Option 3: Centralized ingestion into Sentinel or Log Analytics

Best for:

• large environments
• security engineering
• posture management
• ongoing monitoring

Workflow:

1. Run the script through Intune.
2. Convert findings to JSON.
3. Send results to:
   • Log Analytics

This allows:

• dashboards
• trending
• potential alerting
• Centralized information for decision making

Important nuance

Do not blindly remediate this recommendation. The presence of this finding does not automatically mean something is exploitable or insecure, but it does warrant review.

Many environments intentionally run services from locations outside standard protected operating system folders. Common examples include:

• build agents
• deployment frameworks
• middleware platforms
• legacy applications
• vendor-managed software
• Azure VM extension paths

The folder location itself is not necessarily the problem.

The real question is:

Can broad principals modify the folder contents?

If a custom service folder is writable only by principals such as:

• SYSTEM
• TrustedInstaller
• Administrators

the practical risk may be limited or acceptable depending on the environment and operational requirements.

The actual concern is when broad principals such as:

• Authenticated Users
• BUILTIN\Users
• Domain Users
• Everyone

have write-capable permissions on directories used by (privileged) services.

One thing you will likely notice quickly when running this KQL in enterprise environments is the large number of findings related to:

C:\Packages\Plugins\

This is especially common on Azure virtual machines running components such as:

• Microsoft Defender for SQL
• Azure Automation Hybrid Workers
• monitoring agents
• backup agents
• Azure VM extensions

These directories are commonly used by Microsoft-managed extension frameworks and are therefore not automatically insecure simply because they exist outside C:\Program Files.

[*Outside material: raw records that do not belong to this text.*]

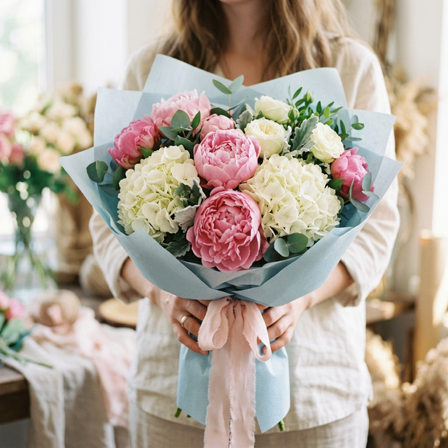 Букет "Светлые чувства" с пионами и розами
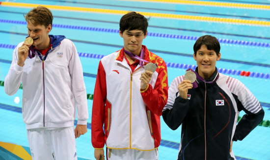 '한국 수영의 힘' 박태환(23·SK텔레콤)이 31일 새벽 (한국시각) 런던 아쿠아틱센터에서 펼쳐진 런던올림픽 남자자유형 200m에서 은메달을 목에 걸었다. 쑨양과 마지막 0.01초까지 같은, 1분44초93의 기록으로 공동 2위에 올랐다. 프랑스의 야닉 아넬이 우승했다. 1분43초14의 호기록이었다.
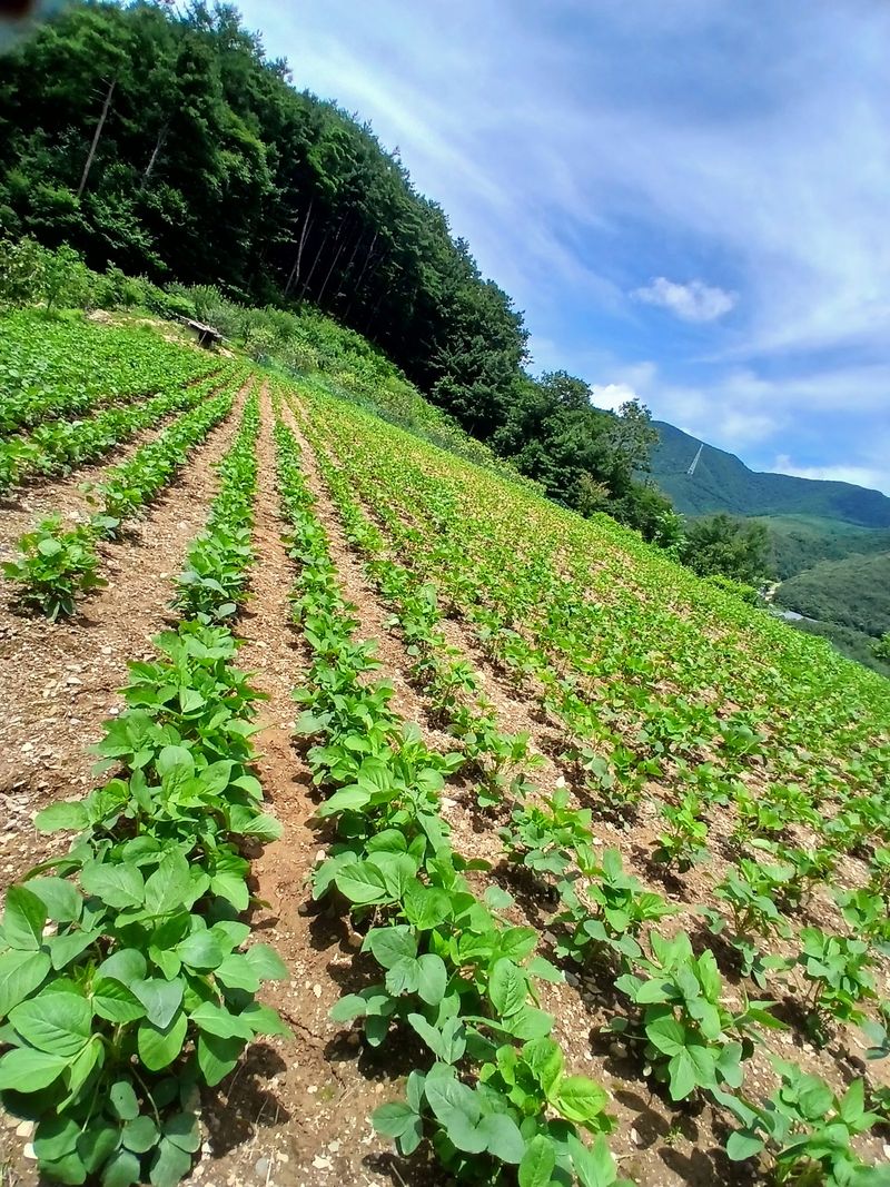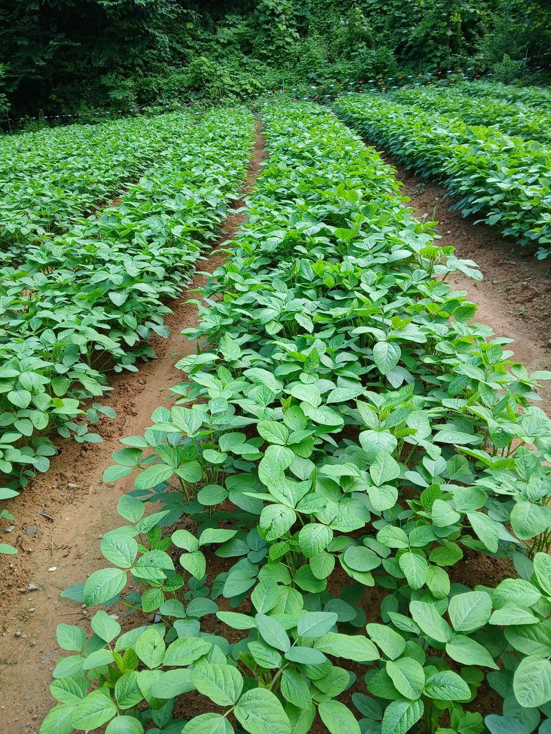 올해는 가뭄이 심해 벌레들이 너무 극성입니다 들깨와 귀족서리태 밭에 2시간30분 동안 약을 쳐 주고 가장자리에 콩이 가지가 찢어지려는 콩나무들을 줄로 따로 묶어 주었다

The same validation principle still applies however:

Do not trust the folder location alone. Validate the ACLs.

In many environments these folders are still properly protected and writable only by privileged principals. In those cases, the finding may represent an accepted or low practical risk.

This recommendation should therefore be treated as a signal for review and validation, not as proof of exploitation or immediate misconfiguration.

Why ransomware operators care

Ransomware is not only about encryption.

Before encryption, attackers often try to:

• escalate privileges
• maintain persistence
• disable security tooling
• tamper with services
• abuse trusted execution paths

A writable service executable folder can help with that.

If an attacker already has a foothold as a normal user and can modify files inside a privileged service path, that may become a local privilege escalation or persistence mechanism.

That does not mean every finding is immediately exploitable.

But it absolutely means the finding deserves review.

Final thought

This Defender recommendation is useful, but the real value is not the recommendation itself.

The real value is validating the actual ACLs.

A service running outside C:\Program Files is not automatically dangerous.

A service running from a folder where Authenticated Users or Domain Users can modify files is a different story.

So the practical workflow becomes:

1. Find the exposed service path with KQL.
2. Extract the data.
3. Validate the ACLs locally or centrally.
4. Determine whether folders are adhered to least privilege.
5. Then decide whether remediation is needed.